Мустафа-паша был очарован Парижем и сходил с ума по всему, носившему на себе признаки французской культуры. Он воспитал свою единственную дочь на европейский лад. Когда я с ней познакомилась, она была очень элегантной, парижского склада, 28-летней женщиной. Она приняла меня и m-me Ону с нескрываемой радостью. «Какое счастье, – сказала она нам, – говорить с людьми, вносящими в мое одиночество свежую струю европейской культуры». Она заговорила о своих страданиях, жаловалась на оторванность от внешнего мира, давала на наши вопросы подробные ответы и пригласила нас к обеду, за которым прислуживали ей евнухи, в черных одеяниях, так называемых стамбулинах. Эти евнухи держались чрезвычайно торжественно и производили впечатление чего-то среднего между господином и слугой.
«Отец мой, для того, чтобы вырвать меня из тисков рабства, – рассказывала она, – посоветовал мне выйти замуж за его друга Галил-пашу, посланника в Париже, одного из образованнейших и богатейших людей Турции. Несмотря на то, что Галил был на 30 лет старше меня, меня соблазнила перспектива жить в Париже и испытать свободную жизнь европейских женщин. Я вышла за него замуж, и мы покинули Каир, но вместо того, чтобы ехать в Париж на место своего назначения, он меня привез в Константинополь, где у него произошло разногласие с великим визирем, на чьей стороне был и султан. Галил-паша должен был подать в отставку, и таким образом я никогда не увидела Парижа», – говоря это, она расплакалась. «Муж мой стал снова турком, старотурком после своей отставки. Можно было подумать, что он никогда не покидал Константинополь и никогда не отказывался от своих предубеждений: я стала рабой, подобно другим турчанкам, и мне оставалось скорее с камнем на шее броситься в воду, чем после того, как я испытала на себе свободу европейских женщин, быть запертой в гареме до конца дней своих».
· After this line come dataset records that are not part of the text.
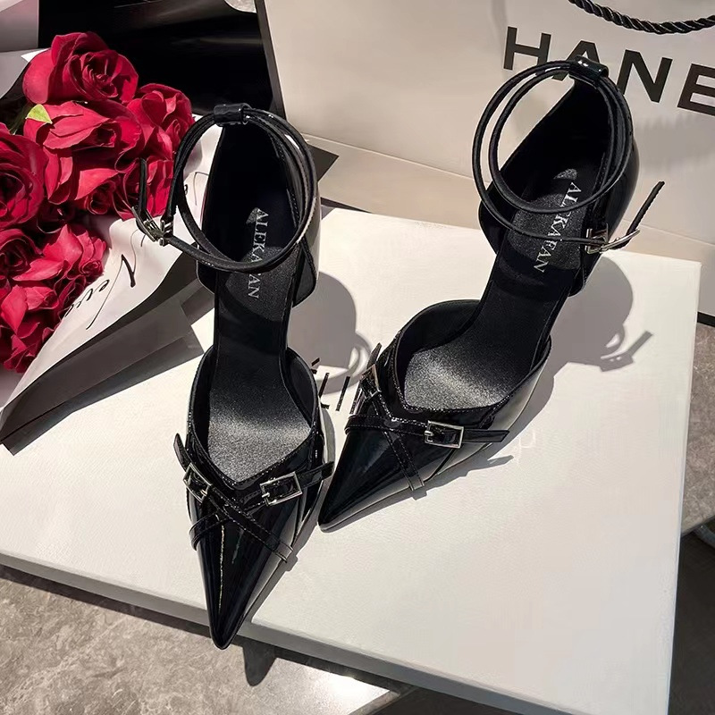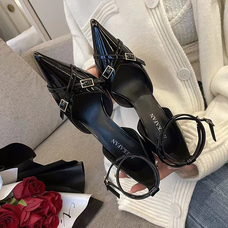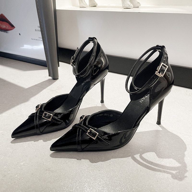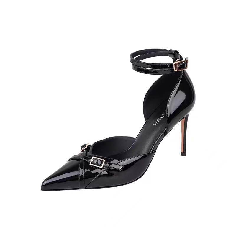 亮皮黑色性感时尚凉鞋女新款春夏款尖头细跟搭扣皮带扣高跟鞋
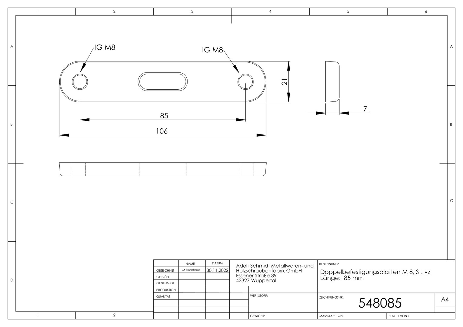ASW Doppelbefestigungsplatte M 8, Länge 85 mm, Stahl verzinkt
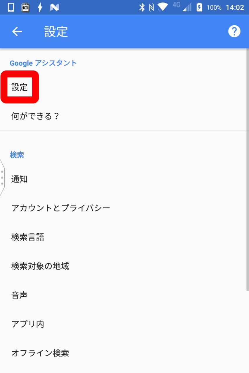 「Google アシスタント」に個人情報を設定する方法は、まず「Google」アプリを開いて左上のメニューアイコンから “設定” をタッチし、ページ上部の “Google アシスタント” カテゴリに表示される “設定” をタッチします。
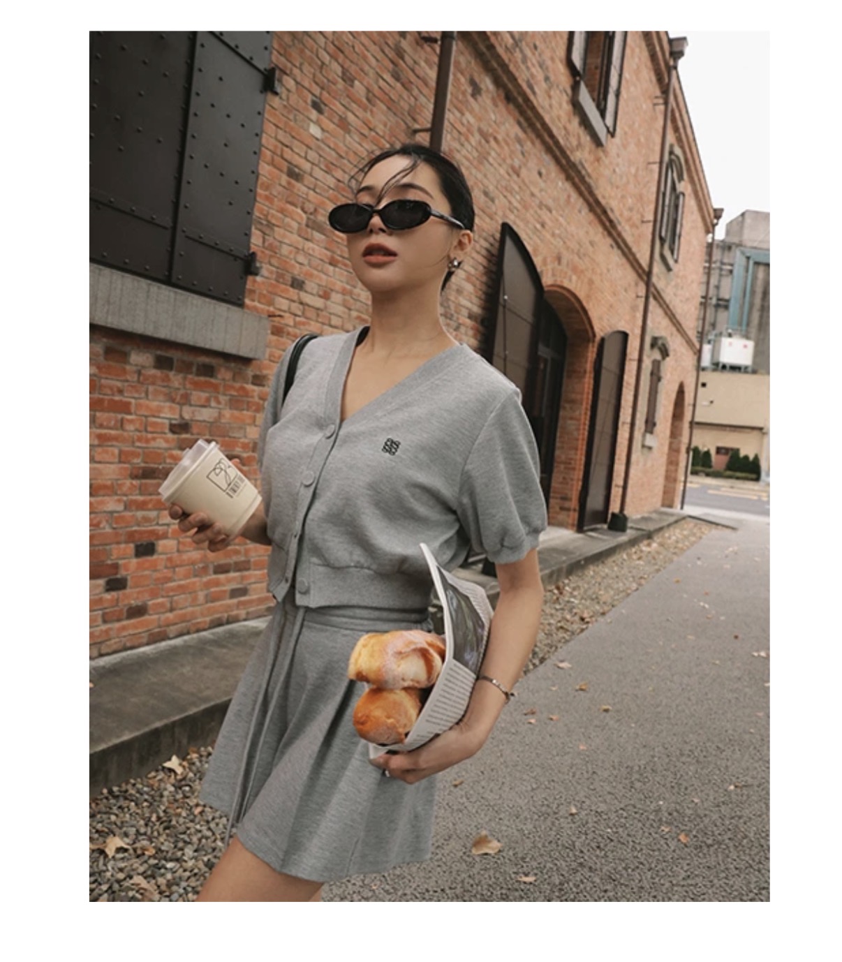 品牌LOGO刺繡V領澎袖短版開襟衫
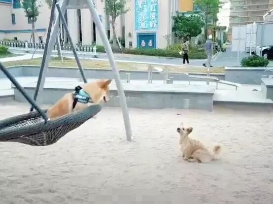 一位网友在经过自己居住小区的娱乐设施的时候,就看到了一只被主人放在秋千上荡着秋千的柯基犬,看柯基犬的那个表情,显然是相当享受被主人推来推去荡来荡去的感觉了,突然有一只流浪狗走在了柯基犬的旁边,并坐了下来,看着有主人疼爱的柯基犬,流浪狗狗的眼中流露出来了非常羡慕的神情。
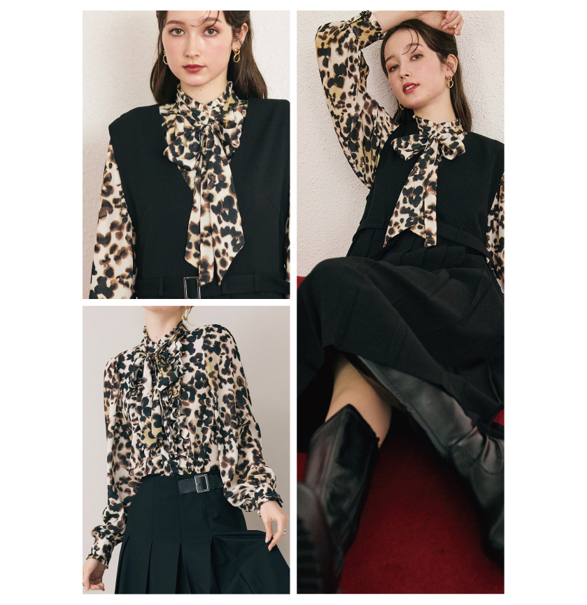 トレンドのヒョウ柄を今っぽくフェミニンに取り入れられる1枚です。
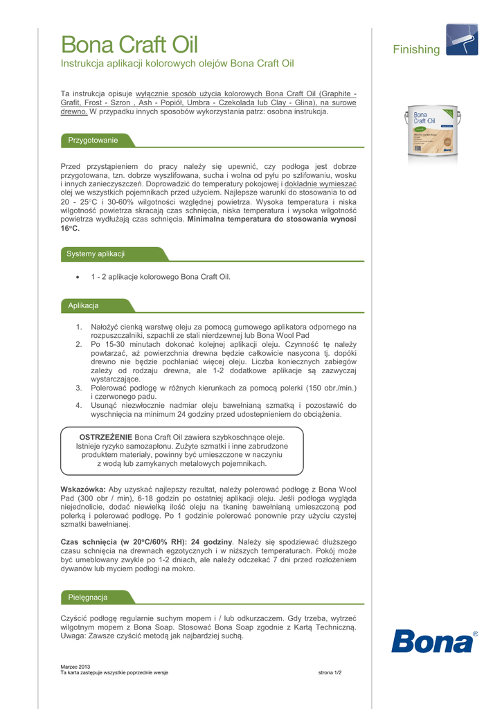 Bona Craft Oil Finishing Instrukcja aplikacji kolorowych olejów Bona Craft Oil Ta instrukcja opisuje wyłącznie sposób użycia kolorowych Bona Craft Oil (Graphite Grafit, Frost - Szron , Ash - Popiół, Umbra - Czekolada lub Clay - Glina), na surowe drewno. W przypadku innych sposobów wykorzystania patrz: osobna instrukcja. Przygotowanie Przed przystąpieniem do pracy należy się upewnić, czy podłoga jest dobrze przygotowana, tzn. dobrze wyszlifowana, sucha i wolna od pyłu po szlifowaniu, wosku i innych zanieczyszczeń. Doprowadzić do temperatury pokojowej i dokładnie wymieszać olej we wszystkich pojemnikach przed użyciem. Najlepsze warunki do stosowania to od 20 - 25°C i 30-60% wilgotności względnej powietrza. Wysoka temperatura i niska wilgotność powietrza skracają czas schnięcia, niska temperatura i wysoka wilgotność powietrza wydłużają czas schnięcia. Minimalna temperatura do stosowania wynosi 16°C. Systemy aplikacji • 1 - 2 aplikacje kolorowego Bona Craft Oil. Aplikacja 1. 2. 3. 4. Nałożyć cienką warstwę oleju za pomocą gumowego aplikatora odpornego na rozpuszczalniki, szpachli ze stali nierdzewnej lub Bona Wool Pad Po 15-30 minutach dokonać kolejnej aplikacji oleju. Czynność tę należy powtarzać, aż powierzchnia drewna będzie całkowicie nasycona tj. dopóki drewno nie będzie pochłaniać więcej oleju. Liczba koniecznych zabiegów zależy od rodzaju drewna, ale 1-2 dodatkowe aplikacje są zazwyczaj wystarczające. Polerować podłogę w różnych kierunkach za pomocą polerki (150 obr./min.) i czerwonego padu. Usunąć niezwłocznie nadmiar oleju bawełnianą szmatką i pozostawić do wyschnięcia na minimum 24 godziny przed udostepnieniem do obciążenia. OSTRZEŻENIE Bona Craft Oil zawiera szybkoschnące oleje. Istnieje ryzyko samozapłonu. Zużyte szmatki i inne zabrudzone produktem materiały, powinny być umieszczone w naczyniu z wodą lub zamykanych metalowych pojemnikach. Wskazówka: Aby uzyskać najlepszy rezultat, należy polerować podłogę z Bona Wool Pad (300 obr / min), 6-18 godzin po ostatniej aplikacji oleju. Jeśli podłoga wygląda niejednolicie, dodać niewielką ilość oleju na tkaninę bawełnianą umieszczoną pod polerką i polerować podłogę. Po 1 godzinie polerować ponownie przy użyciu czystej szmatki bawełnianej. Czas schnięcia (w 20°C/60% RH): 24 godziny. Należy się spodziewać dłuższego czasu schnięcia na drewnach egzotycznych i w niższych temperaturach. Pokój może być umeblowany zwykle po 1-2 dniach, ale należy odczekać 7 dni przed rozłożeniem dywanów lub myciem podłogi na mokro. Pielęgnacja Czyścić podłogę regularnie suchym mopem i / lub odkurzaczem. Gdy trzeba, wytrzeć wilgotnym mopem z Bona Soap. Stosować Bona Soap zgodnie z Kartą Techniczną. Uwaga: Zawsze czyścić metodą jak najbardziej suchą. Marzec 2013 Ta karta zastępuje wszystkie poprzednie wersje strona 1/2 Bona Craft Oil Finishing Instrukcja aplikacji kolorowych olejów Bona Craft Oil Do konserwacji Bona Craft Oil używać oleju Bona Care Oil. Aby przywrócić kolor w wytartych miejscach wskazane jest dodanie 20% oleju Bona Craft Oil Craft do Bona Oil Care. Częstotliwość tej operacji zależy od stopnia zużycia i może wynosić od co 3 lata w udomowionych środowiska do kilku razy w roku obiektach użyteczności publicznej. Szczegółowe informacje dotyczące pielegnacji znajdują się na www.bona.com Ważne uwagi Podane w tej Karcie informacje są przygotowane w oparciu o aktualny stan naszej wiedzy i nie stanowią gwarancji uzyskania właściwości produktu. Użytkownik jest odpowiedzialny za zastosowanie produktu, który zgodnie z zawartymi informacjami został stworzony do konkretnego celu oraz wymaga odpowiednich warunków podczas aplikacji. Bona jest odpowiedzialna za jakość dostarczonego wyrobu, natomiast profesjonalna aplikacja pozostaje w gestii wykonawcy i pozostaje poza naszą kontrolą. W razie wątpliwości przeprowadzić test lub próbę. Użytkownik jest zobowiązany do przeczytania i zrozumienia wszystkich informacji zawartych w Karcie Technicznej, etykietach na opakowaniach i w Karcie Charakterystyki przed użyciem lakieru. . Dalsze szczegółowe informacje o produkcie wraz z Kartą Charakterystyki Substancji Niebezpiecznej i Preparatu Niebezpiecznego można znaleźć na stronie internetowej www.bona.com. Marzec 2013 Ta karta zastępuje wszystkie poprzednie wersje strona 2/2
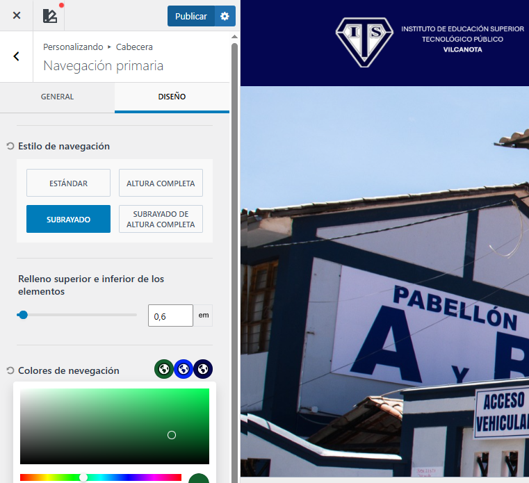 Paso 8: Si queremos cambiar el tema de la pagina web nos vamos a Colores de Navegación
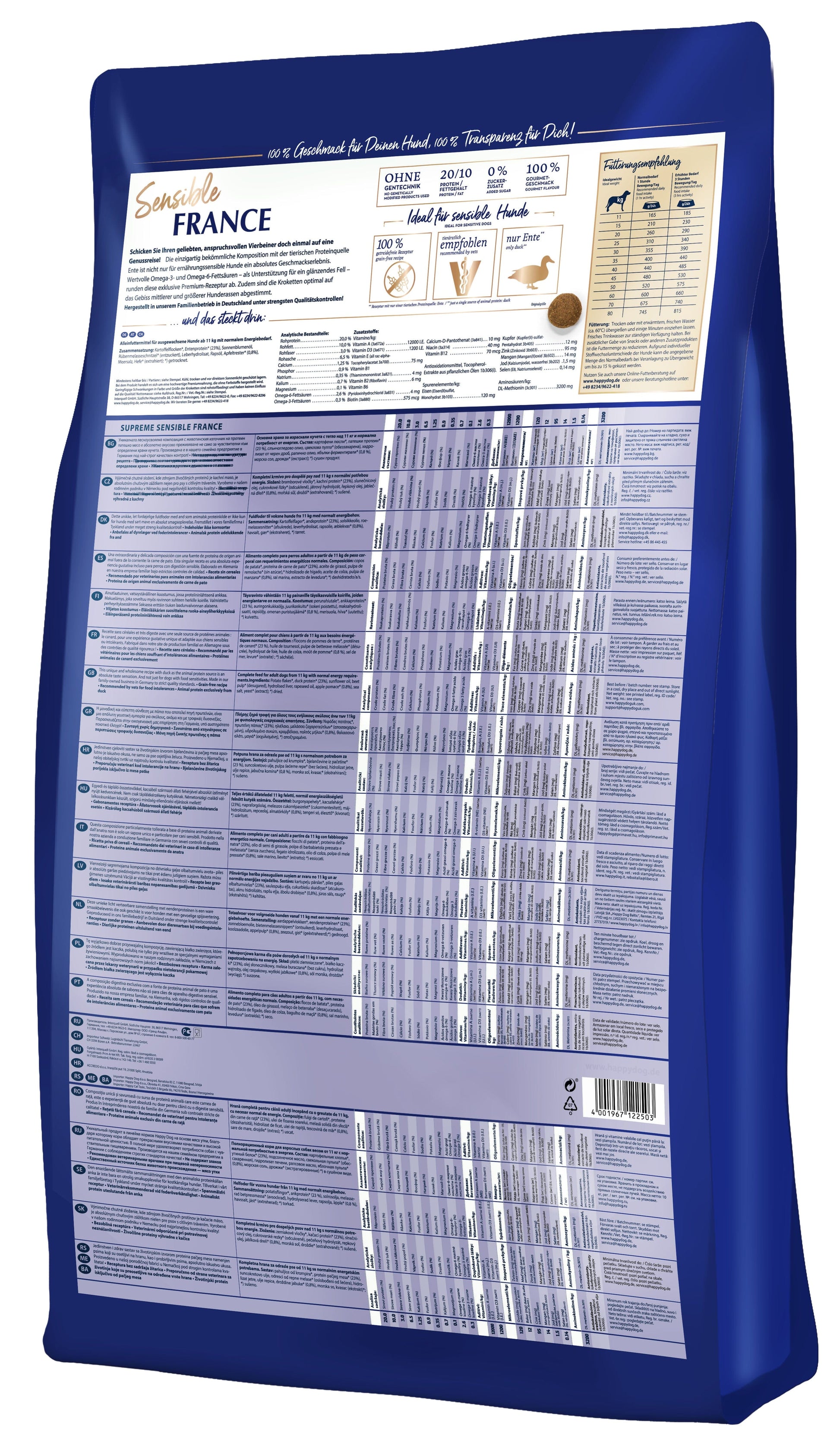 The super premium complete food Happy Dog Sensible France relies on a holistic composition of tasty duck and fine potato. The balanced recipe provides your four-legged friend with everything he needs. Delicious duck provides important animal proteins - 100% appropriate for your dog. Fine potatoes provide your fur nose with enough energy to play and run around. Valuable, essential omega-3 and -6 fatty acids ensure a beautiful, shiny coat. Our Sensible France dry food makes healthy and holistic nutrition easy. Simply open the sack, fill the bowl and your four-legged friend can really feast.
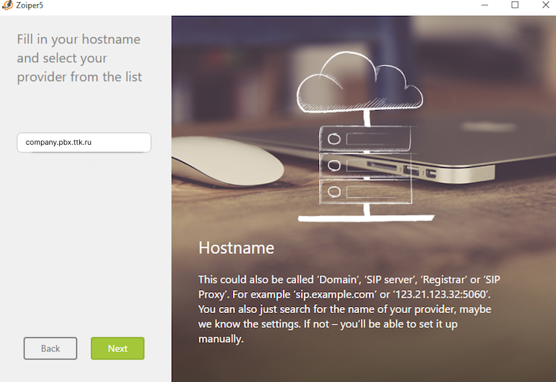 3. Введите адрес вашей ВАТС, нажмите Next («Далее»).
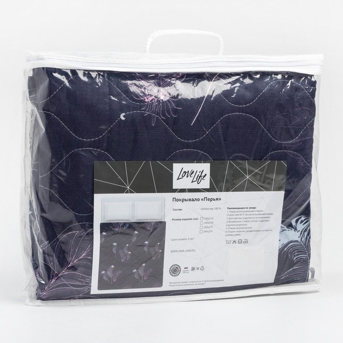 Покрывало LoveLife евро «Перья» 200*210±5 см, новосатин,80 г/м2

Ее слова меня глубоко тронули. Хотя она говорила тепло и убедительно, я вскоре заметила пробелы в ее образовании и бездну, разделявшую наши мировоззрения. Так, например, чтобы доказать, что Галил-паша не был джентльменом, как она выражалась, рассказала нам буквально следующее: «Несколько дней после свадьбы, – говорила она, – муж мой забрал у меня двух моих прислужниц, этот неблагородный поступок меня, конечно, очень возмутил».
«Он забрал у вас ваших прислужниц? – спросила m-me Ону. – Но почему же?»
«Ну, конечно, для сожития с ними. Это мелочно, не правда ли? Эти прислужницы были моим отцом куплены в счет моего приданого. Отец мой, чрезвычайно чуткий человек, был так же, как и я, возмущен этим поступком моего мужа и в знак своего презрения послал Галилю четырех женщин, купленных на свои деньги». Говоря это, она, казалось, ждала выражения сочувствия с нашей стороны. «Вскоре после этого мой муж, спекулируя и играя, совершенно разорился, и отец мой добился разрешения на мой развод».
«Но стали ли вы свободнее после этого?» – «Нет, – ответила она, – меня во дворце строго охраняют евнухи, отдающие при дворе отчет о каждом моем шаге, о каждом слове. К счастью, они не понимают по-французски. Единственное развлечение у меня – купание и прогулки в каюке, но всегда под густой вуалью. Очень редко посещают меня дамы из дипломатического корпуса, для чего заранее должно быть получено разрешение. Если бы такие посещения часто повторялись, султан прекратил бы их разрешать».
Эти слова принцессы еще более убедили меня, сколько необразованности еще кроется под этим кажущимся покровом цивилизации. В дальнейшем разговоре она нам сообщила, что у нее похитили жемчужное ожерелье и что она была вынуждена заставить бичевать своих прислужниц до тех пор, пока провинившаяся не признает своей вины.
Несколько дней спустя я имела аудиенцию с лицом, совершенно отличающимся от вышеупомянутого. На азиатской стороне жила 76-летняя невестка жестокого султана Абдул Меджида. Она была дочерью египетского паши Мехмеда Али, современника Наполеона I. Она носила восточное одеяние, не говорила на иностранных языках и была окружена большим штатом турецких дам и сорока евнухами, одна часть из которых – люди из общества, другая же – слуги. Одеяние евнухов было разнообразно: на одних, старших, были надеты черные сюртуки с рядом пуговиц на них, другие же были в одеяниях тех провинций, из которых происходили. Для оказания нам особой чести играл оркестр девушек, одетых в красную гусарскую форму и прекрасно владевших всевозможными восточными музыкальными инструментами. Среди комнаты находился прекрасный мраморный фонтан, окруженный тропическими растениями. На столе стояли кофе, рахат-лукум и другие сласти.
Конец ознакомительного фрагмента.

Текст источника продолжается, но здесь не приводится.